Introduction to Riemann surfaces and their moduli spaces
Student No.:50
Time:Mon/Tue 13:30-15:05, 2017-07-04~2017-08-29
Instructor:Lizhen Ji  [University of Michigan]
Place:Conference Room 1, Floor 1, Jin Chun Yuan West Building
Starting Date:2017-7-4
Ending Date:2017-8-29



Riemann surfaces are fundamental objects in mathematics and were introduced by Riemann in his thesis in 1851. They are 1 dimensional complex manifolds and algebraic curves.Moduli spaces of Riemann surfaces and Teichmuller theory have been extensively studied and are still actively studied.They have also motivated a lot of problems and results on higher dimensional complex manifolds and algebraic varieties.

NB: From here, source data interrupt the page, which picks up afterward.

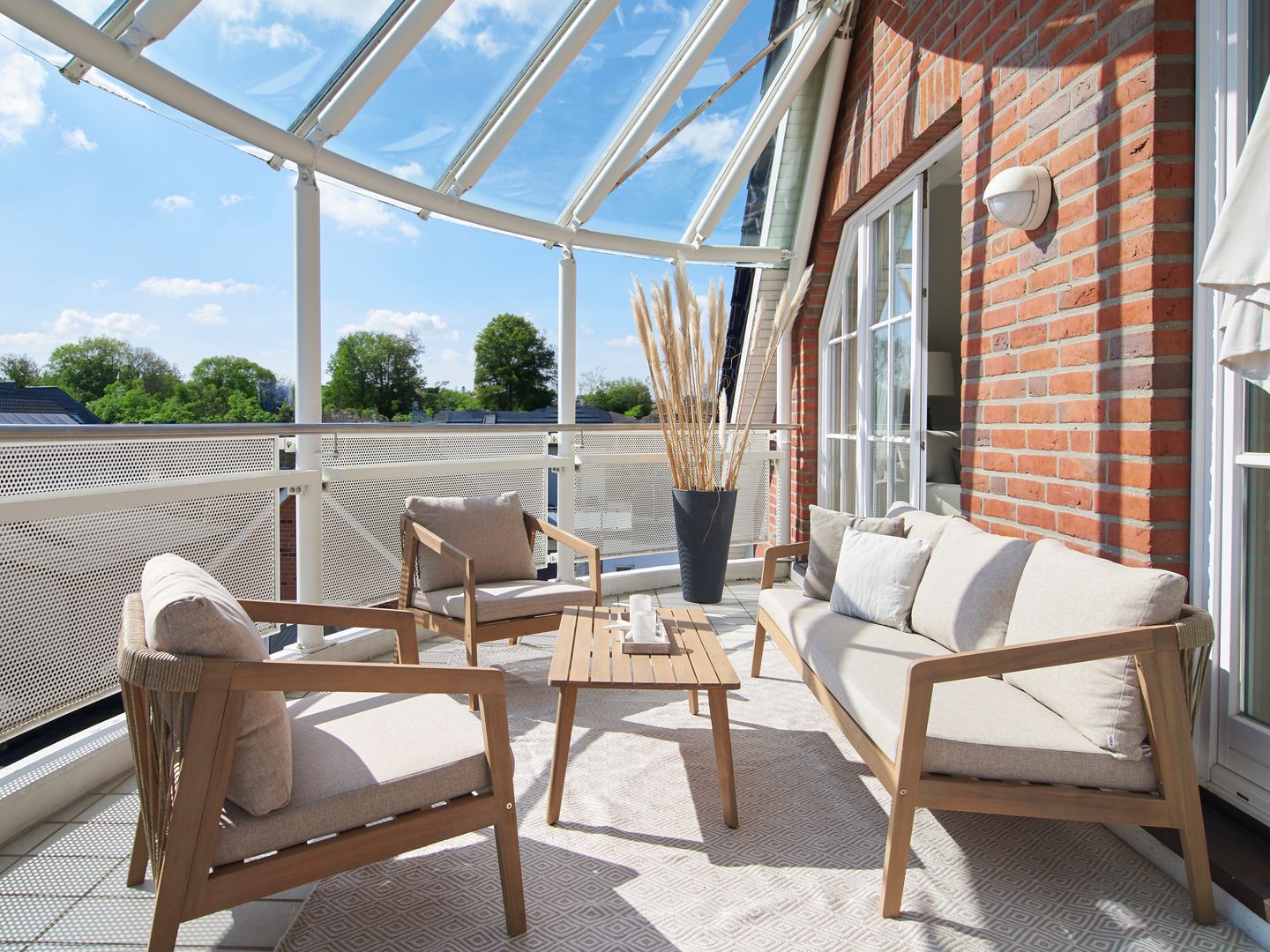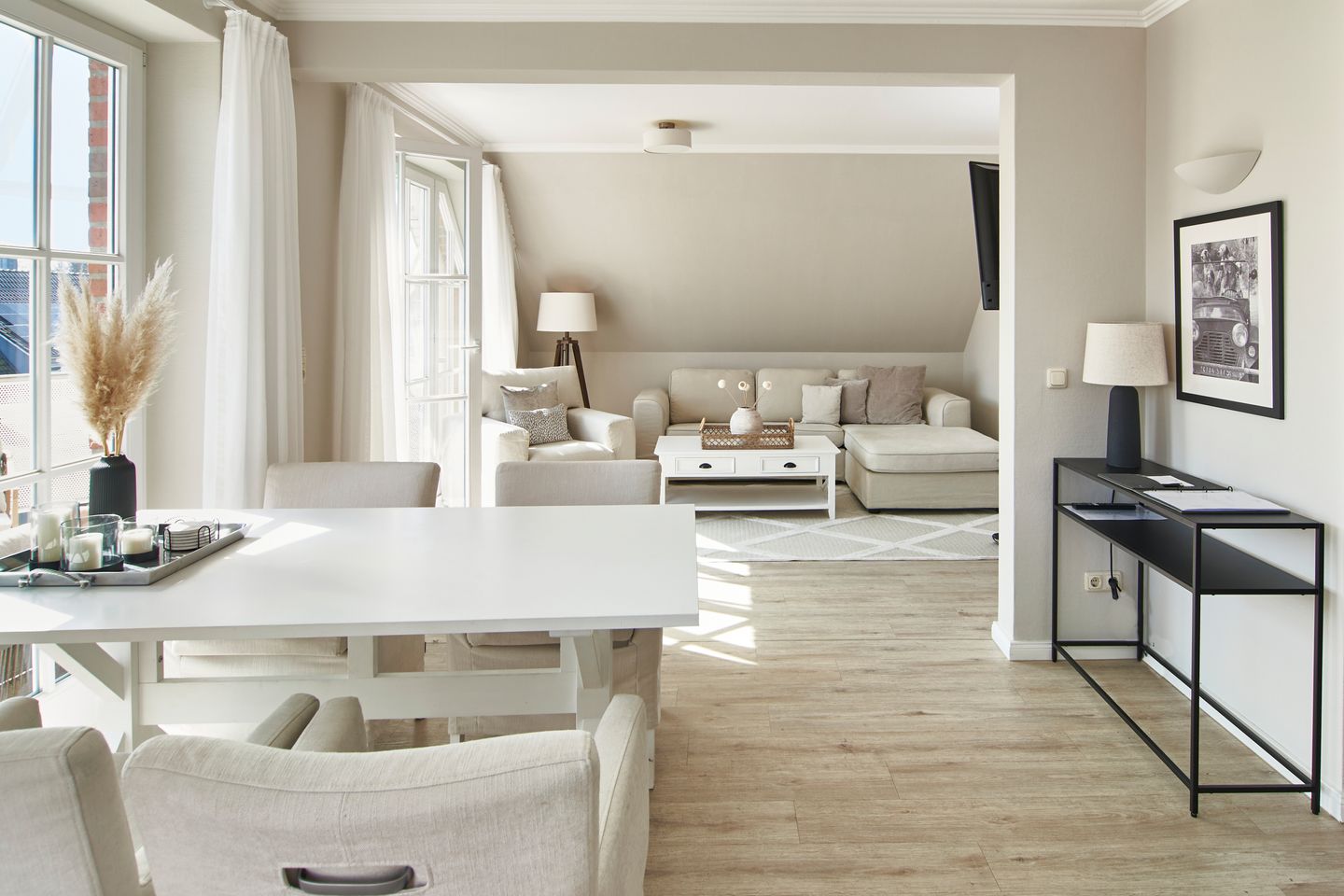 Der untere Bereich bietet einen großzügigen Wohnraum in freundlichen Tönen mit offen gestalteter, modern ausgestatteter Küche und einladendem Essbereich. Das große Sofa, ein gemütlicher Sessel und Smart-TV laden zum Entspannen und Verweilen ein. Vom glasüberdachten Balkon genießen Sie die Vormittagssonne und die frische Meeresluft – ideal für ein entspanntes Frühstück. Eine neu integrierte, stilvolle Lounge schafft hier den passenden Rahmen für besondere Stunden im Freien. Im Frühjahr ergänzt ein Esstisch mit Bänken den Bereich und bietet zusätzlichen Platz für gemeinsame Zeit.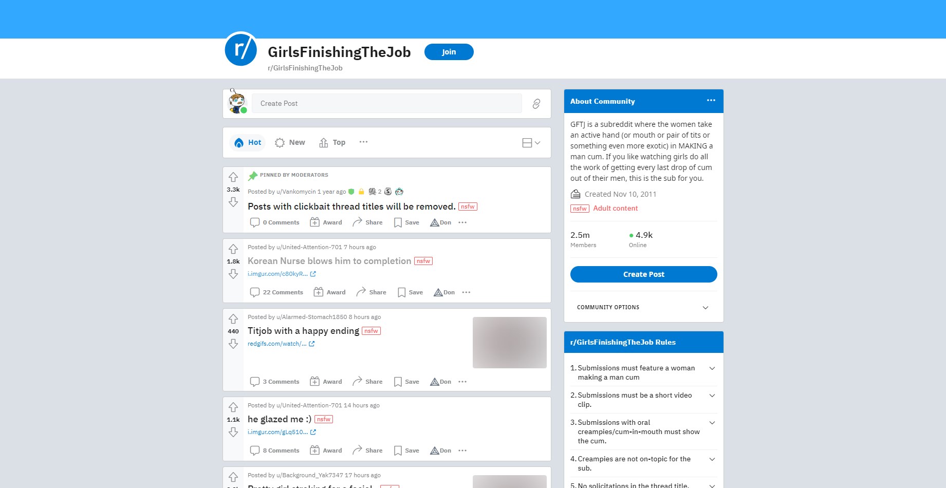 r/GirlsFinishingTheJob is 3.5 million members strong and dedicated to one thing: watching girls make guys cum. Handjobs, blowjobs, titjobs, footjobs. Whatever technique she's using, the important part is that SHE finishes HIM. The best posts show the exact moment of the cumshot with the girl actively working for it, not just passively receiving. You'll see eager girlfriends jerking their man off until he explodes, pornstars deepthroating until they get a mouthful, and everything where the girl takes control of making him bust.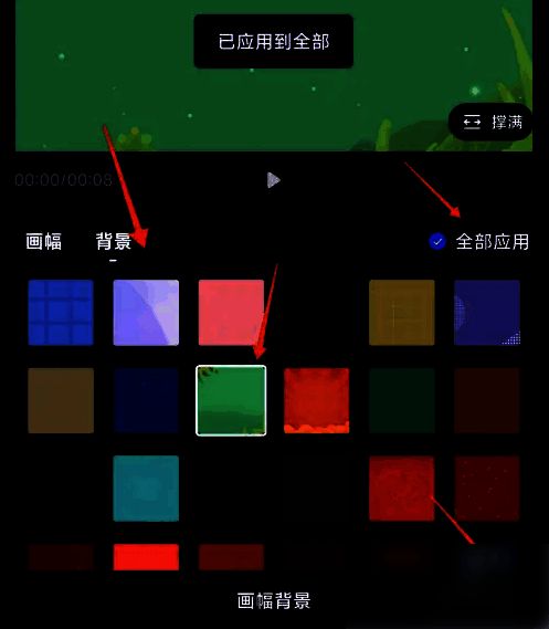 选择背景后选择【全部应用】保存视频。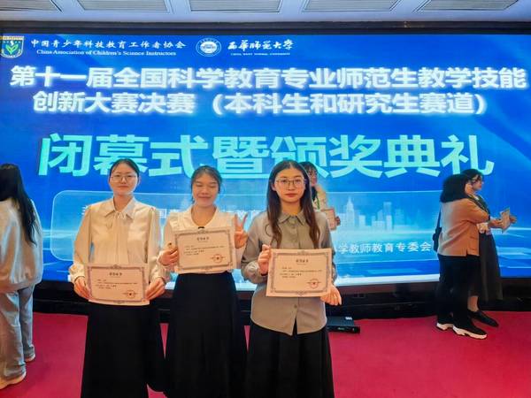 12月1日至3日,由中国青少年科技教育工作者协会主办,西华师范大学承办的第十一届全国科学教育专业师范生教学技能创新大赛决赛(本科和研究生赛道)在西华师范大学华凤校区举行。物电学院胡蓉、姜心懿、李卓群等3名选手在决赛中敢打敢拼,最终取得了3项三等奖的成绩。

As Donadlson wrote in the preface to his recent  book on Riemann surfaces: The theory of Riemann surfaces occupies a very special place in mathematics.It is a culmination of much of traditional calculus, making surprising connections with geometry and arithmetic. It is an extremely useful part of mathematics, knowledge of which is needed by specialists in many other fields. It provides a model for a large number of more recent developments in areas including manifold topology, global analysis, algebraic geometry, Riemannian geometry and diverse topics in mathematical physics."


In this course, we will start from basics and give an introduction to basic results on Riemann surfaces such as the Riemann-Roch Theorem, the uniformization theorem,and some basic results on deformation and moduli spaces of Riemann surfaces,and the geometry of algebraic curves.We will also indicate some directions of how results on Riemann surfaces can be generalized.




1. Simon Donaldson, Riemann surfaces. 

Oxford Graduate Texts in Mathematics, 22. Oxford University Press, Oxford, 2011. xiv+286 pp.


2. H. Farkas,  I. Kra, 

Riemann surfaces. Second edition. Graduate Texts in Mathematics, 71. Springer-Verlag, New York, 1992. xvi+363 pp.


3. Phillips Griffiths, Joe Harris,

Principles of algebraic geometry. John Wiley & Sons, Inc., New York, 1994. xiv+813 pp.


4. R. Miranda,  Algebraic curves and Riemann surfaces. Graduate Studies in Mathematics, 5. American Mathematical Society, Providence, RI, 1995. xxii+390 pp.


5. Joe Harris, Ian Morrison, Moduli of curves, Springer-Verlag, New York, 1998. xiv+366 pp.


6. Henri Paul de Saint-Gervais, Uniformization of Riemann surfaces, European Mathematical Society (EMS), Zürich, 2016. xxx+482 pp.